Monday, July 30, 2012

The trouble with the judicial system - Justice needs to be less blind

After being a foster parent for a while I have had the pleasure (and pain) of being educated in our judicial system with respect to family law. I am no expert by far but after sitting through a number of court sessions for my kids, I at least have a better understanding than your average person. To say that I am completely unimpressed with it, is an understatement. The system is broken at best and isn't protecting the children it is designed to look out for.

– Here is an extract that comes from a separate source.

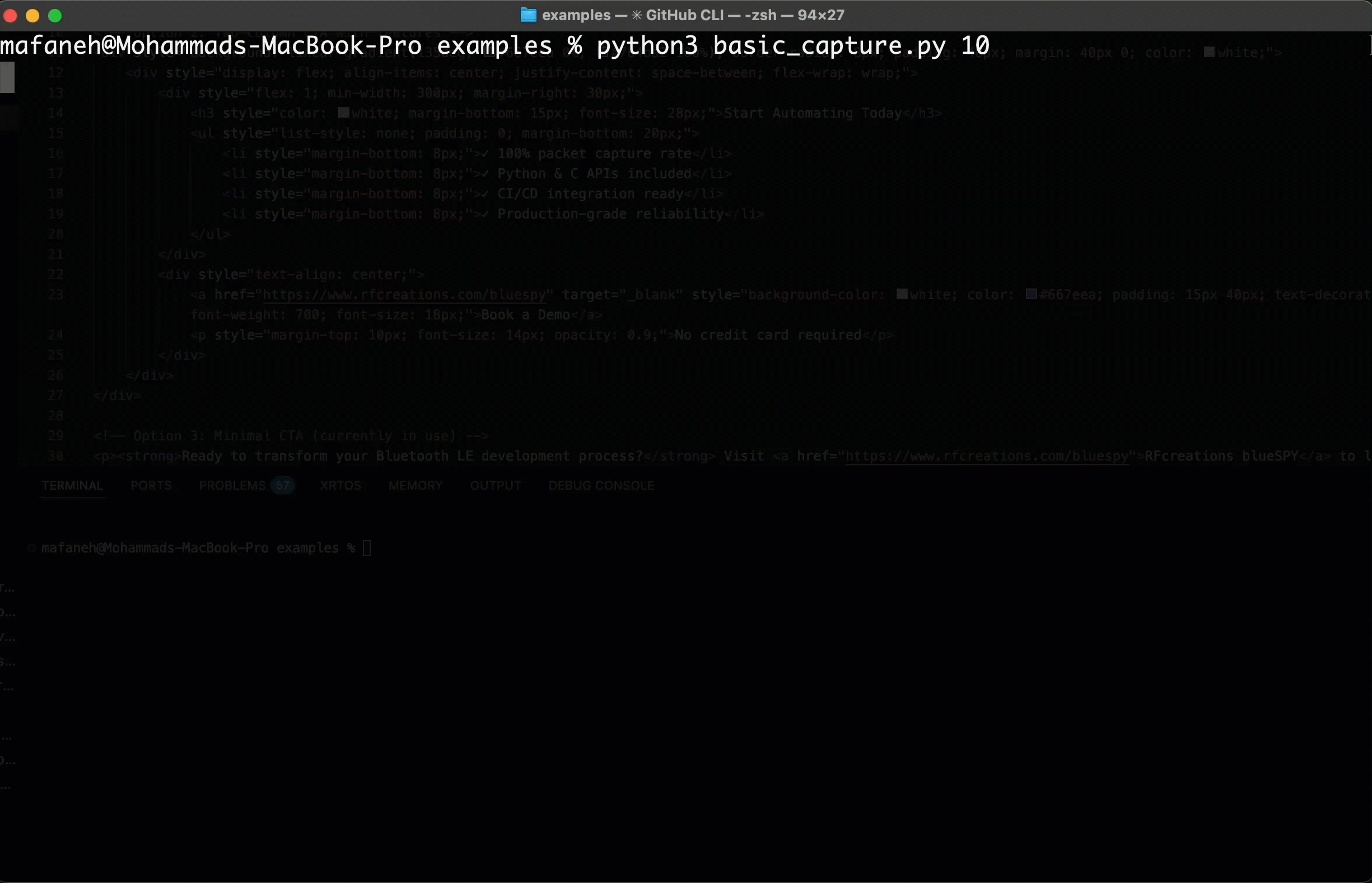 RFcreations' blueSPY (the interface to RFcreations sniffers) addresses these challenges through comprehensive automation capabilities. Unlike software-based sniffers that miss packets due to OS scheduling limitations, or basic hardware analyzers with limited scripting support, blueSPY combines professional-grade hardware with extensive Python and C APIs. This enables development teams to create sophisticated automated testing pipelines, continuous integration workflows, and comprehensive regression test suites.

The truth of the matter is that children go in and out of care. They are tossed between parents that haven't adequately gotten their issues worked out and rotating foster families.  They are put into situations that may not truly be safe for them. They are moved around causing even more emotional trauma. They are at the mercy of court decisions that to outsiders would seem not to be in the best interest of a child. Children die in care and at the hands of their parents every year. These children are silent sufferers and most of our average citizens have no idea what is going on in their own back yards until a headline hits the papers. With the exception of the Marcus Fisel case that raised some awareness, people don't educate themselves with the plight of our youngest and most venerable citizens. I would venture to guess that the average person know more about homelessness than about children in foster care.
             
The problem is multifaceted. Not only are the children not being helped because the foster system is broken but there are also fewer resources being pumped into the system and no one trying to fix it. There are fewer social workers, there are fewer lawyers and there are fewer resources to put toward foster care. In a time of great economic crisis where the need in the community has become greater, more and more money is being pulled from the budget. Our own county now has to rely on private agencies to administer foster care. Social workers to handle these cases are being laid off, while the number of children coming into the system is doubling. More kids are being sent back to parents who aren't ready to receive them in order to relieve the economic stress. Also, the current laws still don't favor children's rights, they favor parental rights. Bottom-line, you have a lot going on with little being done about it.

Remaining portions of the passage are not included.